What the task asks - In the entries that follow, the lines from the line containing "计算机与信息工程学院的白玉廷" up to and including the line containing "경기후 삼성 진갑용이 가슴을 쓸어내리고 있다./jpnews@osen.co.kr" must be copied exactly, with pictures omitted.

START Exercise data

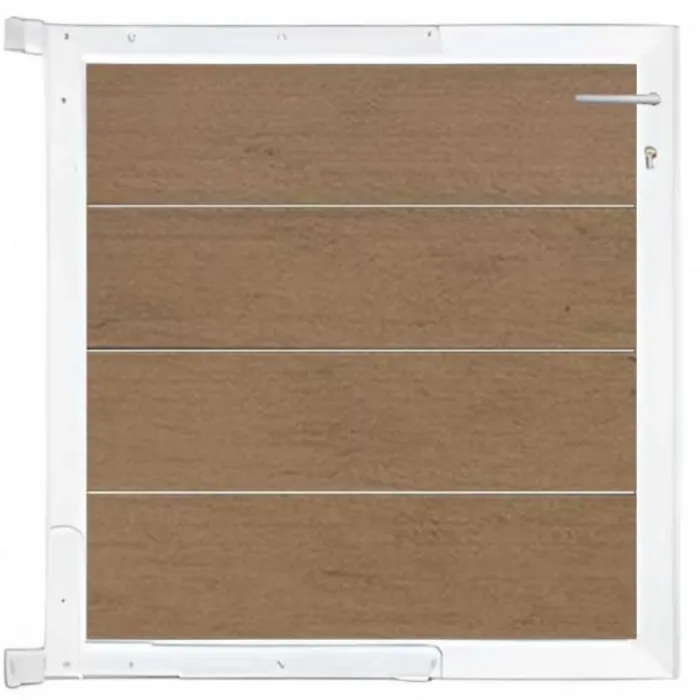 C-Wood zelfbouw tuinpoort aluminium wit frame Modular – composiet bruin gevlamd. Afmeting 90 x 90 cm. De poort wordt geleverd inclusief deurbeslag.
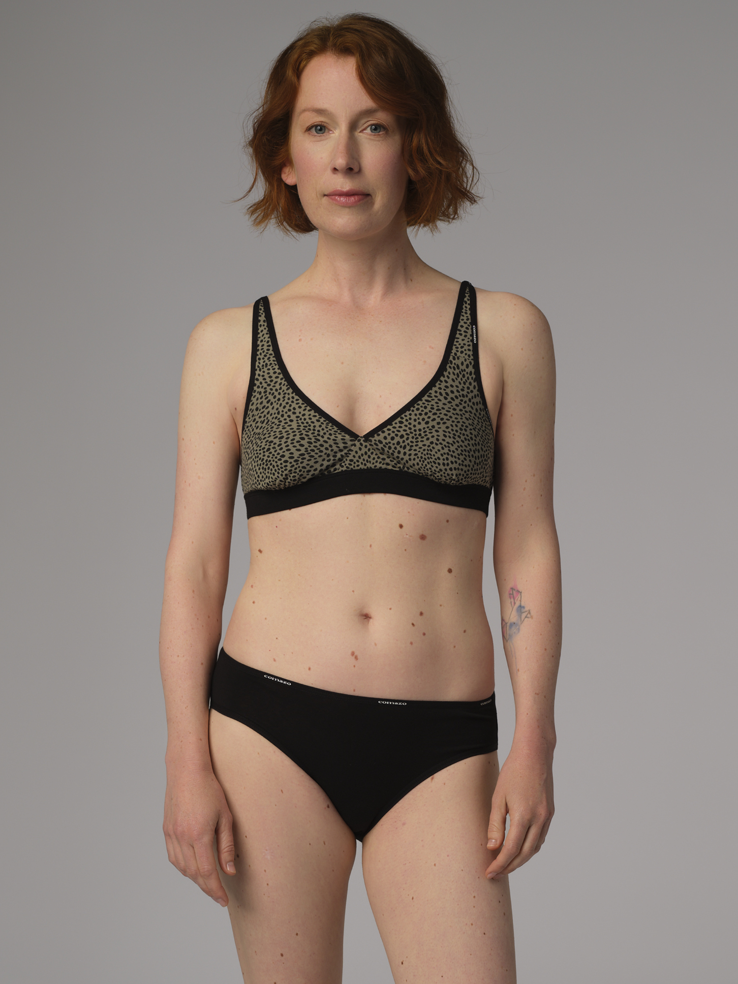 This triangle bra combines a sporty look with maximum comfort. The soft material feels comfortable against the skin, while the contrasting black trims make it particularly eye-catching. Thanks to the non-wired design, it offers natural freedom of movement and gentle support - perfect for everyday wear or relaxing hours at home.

END Exercise data
START Exercise data

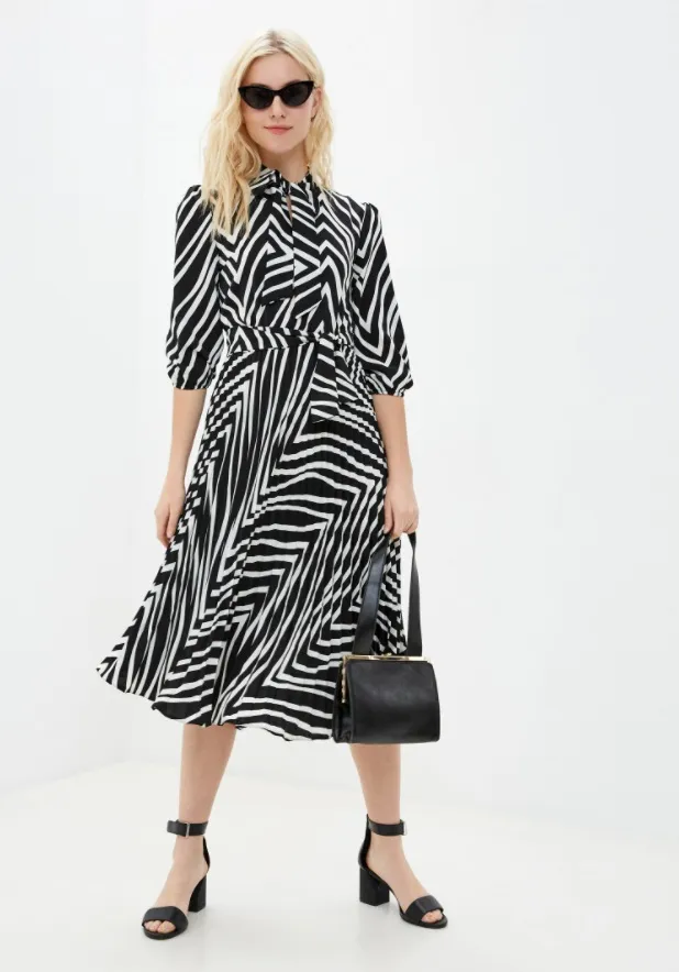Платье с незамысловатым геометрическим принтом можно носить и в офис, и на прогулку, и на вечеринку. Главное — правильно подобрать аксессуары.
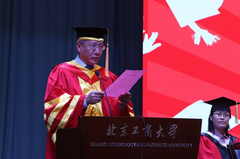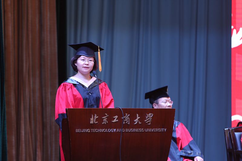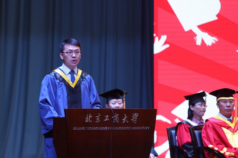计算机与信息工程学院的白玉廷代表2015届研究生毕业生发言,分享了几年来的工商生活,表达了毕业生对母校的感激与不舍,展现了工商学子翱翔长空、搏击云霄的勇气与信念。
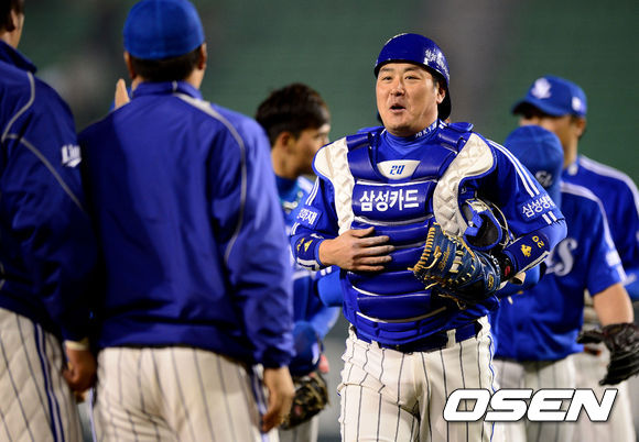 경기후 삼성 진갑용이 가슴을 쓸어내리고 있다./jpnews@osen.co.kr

END Exercise data

Problem solution -
计算机与信息工程学院的白玉廷代表2015届研究生毕业生发言,分享了几年来的工商生活,表达了毕业生对母校的感激与不舍,展现了工商学子翱翔长空、搏击云霄的勇气与信念。
 경기후 삼성 진갑용이 가슴을 쓸어내리고 있다./jpnews@osen.co.kr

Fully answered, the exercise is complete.